Our world and its people are beautiful, and all life is a wonder. As a primarily artistic person, I sometimes think I am the worst kind of addict, a person addicted not to some drug of choice, but rather, selfishly, addicted to the magical potion that makes life wonderful and worth living. And what is this magical potion? It is an elixir composed of everything good: warmth, kindness, compassion, hope, love, sunlight, beauty, and so on. And, my god, I must have it to live!

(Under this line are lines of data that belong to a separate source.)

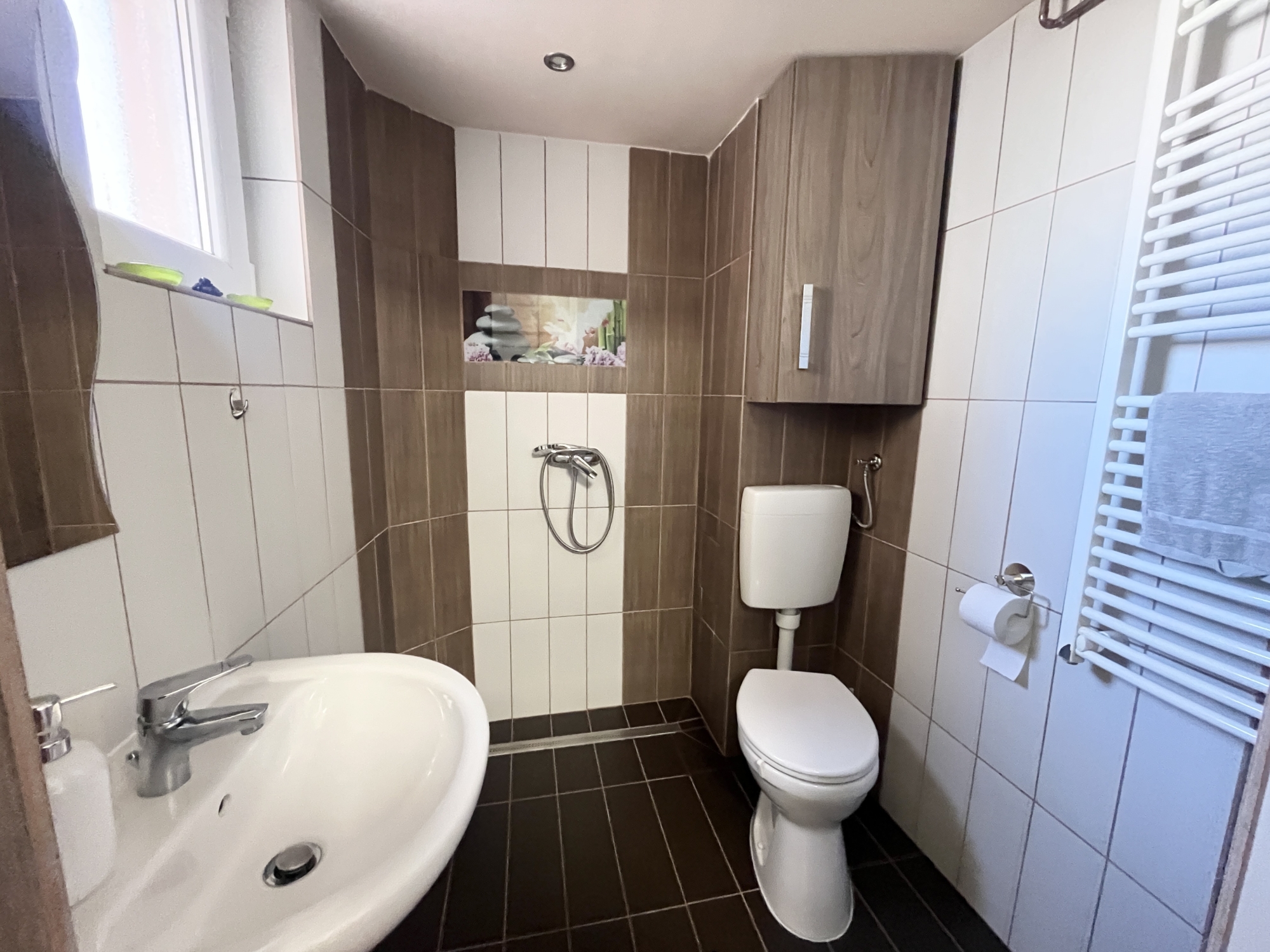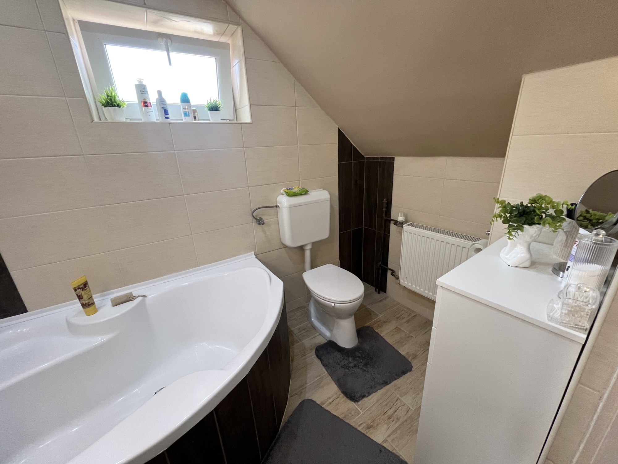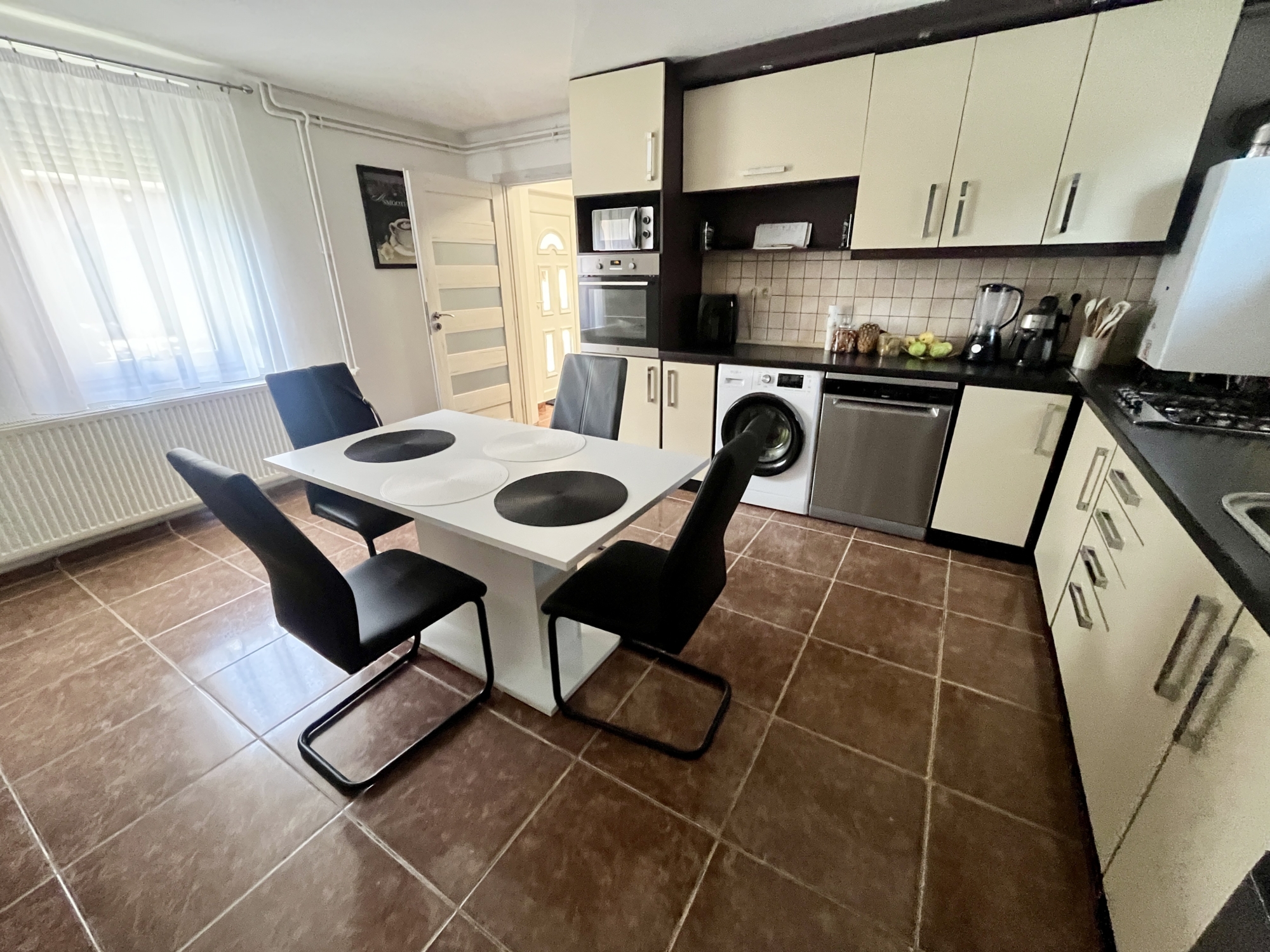 A fűtést és a meleg vizet gázkazán biztosítja. A radiátorok hőfokszabályozóval vannak ellátva.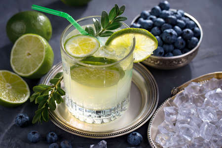 Lemon Fruit Lime Caipirinha of Brazil. cold alcohol cocktail.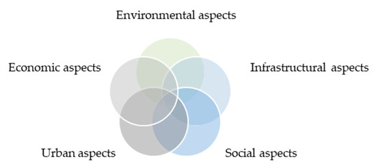 In order to assess urban quality, support the design choices, and the monitoring phase of the proposed interventions, it was decided to identify a set of indicators: this solution allows for a qualitative–quantitative assessment of the various aspects that contribute to pursuing the objective of a sustainable city. The indicators identified for the study area were classified according to five categories in order to analyse not only the aspects included in the Venn diagram, but also the infrastructural aspects related to transport and those of urban morphology related to the context (Figure 3). The decision to integrate these other two categories with those already present in the conventional Venn diagram was made because the urban and transport system has a decisive influence on urban well-being and, consequently, on the sustainability of the project intervention.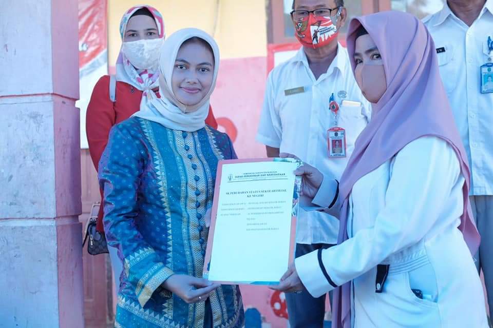 “Dengan meningkatnya status sekolah ini saya berharap kepada dinas pendidikan dan kebudayaan kiranya kualitas pelayanan pendidikan dan peningkatan pola pengelolaan sekolah menjadi lebih baik, segera lakukan langkah langkah taktis dan terukur sehingga perubahan status berbanding lurus dengan standar pelayanan pendidikan Sekolah Dasar Negeri.” kata Laura.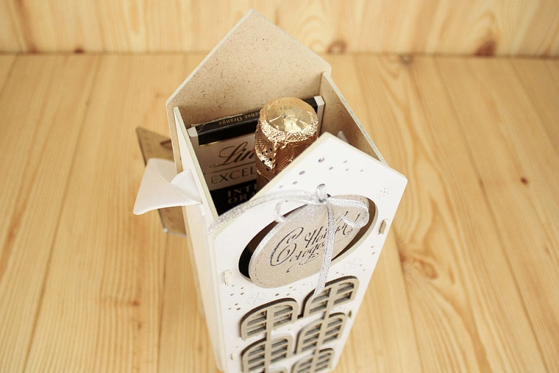 Эта великолепная подарочная упаковка в форме новогоднего домика станет идеальным обрамлением для ваших подарков! 🎉 Изготовленная из прочного МДФ толщиной 3 мм, она надежно защитит содержимое и добавит праздничное настроение.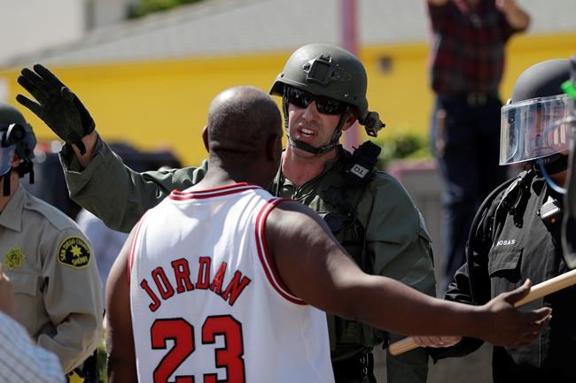 That brought police and sheriff’s deputies in riot gear closer to the protesters, some of whom threw water bottles and beer cans at them.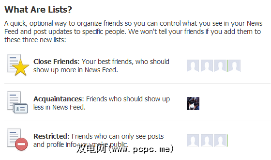 如果管理每个单独的朋友似乎有点过多,则可以使用解决方法。如上所述,Facebook的功能是少见某些人。当Facebook发现您与某些人的互动不多时,您可以将其移至相识列表,然后在新闻源中看到较少的更新。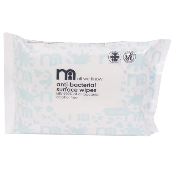 These anti bacterial surface wipes are alcohol free and are safe to disinfect surfaces including high chairs, toys, door handles and where food will come into direct contact.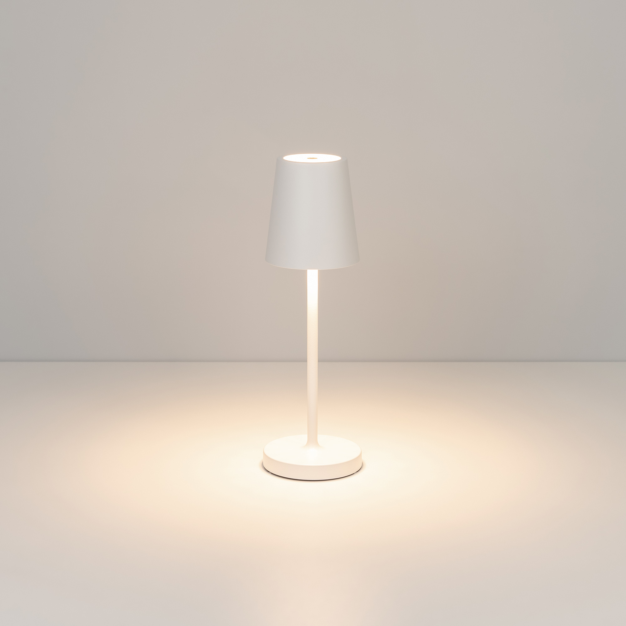 Настольный светильник со встроенным аккумулятором 1.5Вт, алюминиевый корпус, цвет белый. Цвет ТЕПЛЫЙ БЕЛЫЙ 2200-2700-3000K, св.поток 110-130 лм, CRI(Ra)>80, угол 90°. Размер Ф75x250мм. IP54. Зарядка от сети переменного тока AC220-240V. Тип встроенного аккумулятора 1500мАч Li-ion, напряжение батареи 3.7V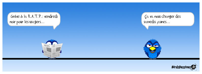 Case 1:Bird 1: Gréve à la R.A.T.P.: vendredi noir pour les usagers... | Case 2: | Case 3: Bird 1: Ça va nous changer des samedis jaunes...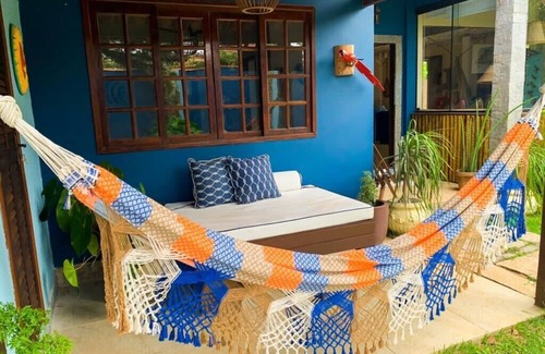 Large, airy house, all decorated, very cozy, practical, surrounded by green, Buzian style excellent and quiet location on the main street of Bosque de Geribá. Total privacy, just minutes from the right corner of Geribá beach and Manguinhos beach. Prolagos water (20 thousand liter cistern). Very spacious balcony, covered barbecue, land of 1200 m2 all walled and lawn. Football court, parking for 3 cars, beautiful garden, fruit trees and swimming pool. Large suites, comfortable living room, TV and ceiling fan, dining room with table for eight, American kitchen, total of 4 full bathrooms. Maximum of 10 people (including children). Air conditioning in all suites.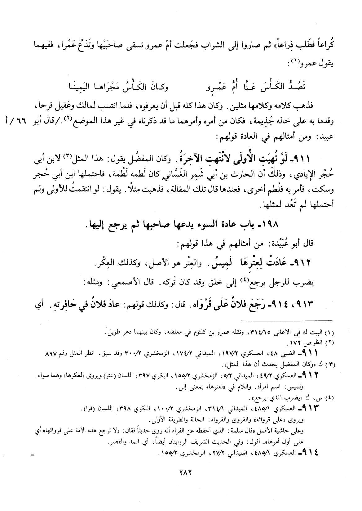 فذهب كلامه وكلامها مثلين، وكان هذا كله قبل أنَّ يعرفوه، فلما انتسب لمالك وعقيل فرحا، وقدما به إلى خاله جذيمة، فكان من أمره وأمرهما ما قد ذكرناه في غير هذا الموضع. قال أبو عبيد: ومن أمثالهم في العادة قولهم: لو نهيت الأولى لانتهت الآخرة.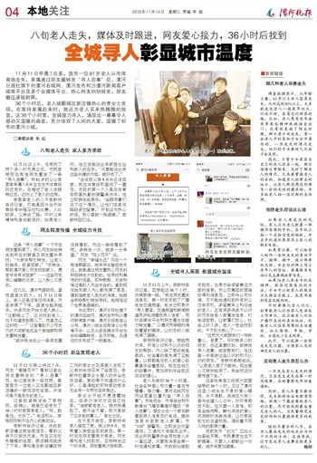 11月11日早晨7点多,我市一位81岁老人从市体育场走失,家属通过朋友圈转发“寻人启事”后,漯河日报社旗下的漯河名城网、漯河发布和沙澧河新闻客户端等平台及多个自媒体平台、热心网友纷纷转发,朋友圈迅速被刷屏。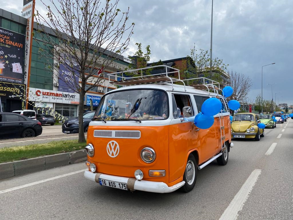 Dünya Otizm Farkındalık Günü nedeniyle otizme dikkat çekmek ve bu konuda toplumsal duyarlılık sağlanması hedefiyle farklı etkinlikleri hayata geçiren Bursa Büyükşehir Belediyesi, Bursa Otizm Derneği ve Vos Garage 16 grubu işbirliğinde düzenlenen şehir turu etkinliğine katkı sağladı. Etkinlik çerçevesinde birbirinden renkli araçlarıyla Bursa, Balıkesir ve İstanbul’dan gelen Vosvos tutkunları, Beşevler Meydanı'nda otizmli çocuklar ve aileleriyle buluştu. Araçlarını süsleyen vosvos tutkunları, daha sonra araçlarına aldıkları otizmli çocuklar ve aileleriyle şehir turu attı.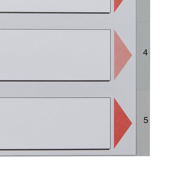 Przekładki w kolorze szarym. Wierzchnia karta z wydzielonymi, dużymi powierzchniami na opisy.

“Love many things, for therein lies the true strength, and whosoever loves much performs much, and can accomplish much, and what is done in love is done well.” ― Vincent Van Gogh
Yet sometimes, I feel a sense of kindness or compassion so overwhelming I feel as though I might break apart. Sometimes, I am filled with such a profound sense of love that I cannot fathom how it is possible to ever live without that love constantly and forever inside me. Sometimes, I see beauty so extreme I feel the need to tear my eyes out to keep myself from going crazy. And so my wonder of being alive is tempered by this ‘unbearable lightness of being’. And, for me, it is this unbearable lightness that makes Life its own reward. It's what keeps me going. It is what gives me the strength to keep putting one foot in front of the other when life is hard. And, ultimately, this unbearable lightness of being is the peace I will surrender myself to after thinking my final thoughts at the end of my life.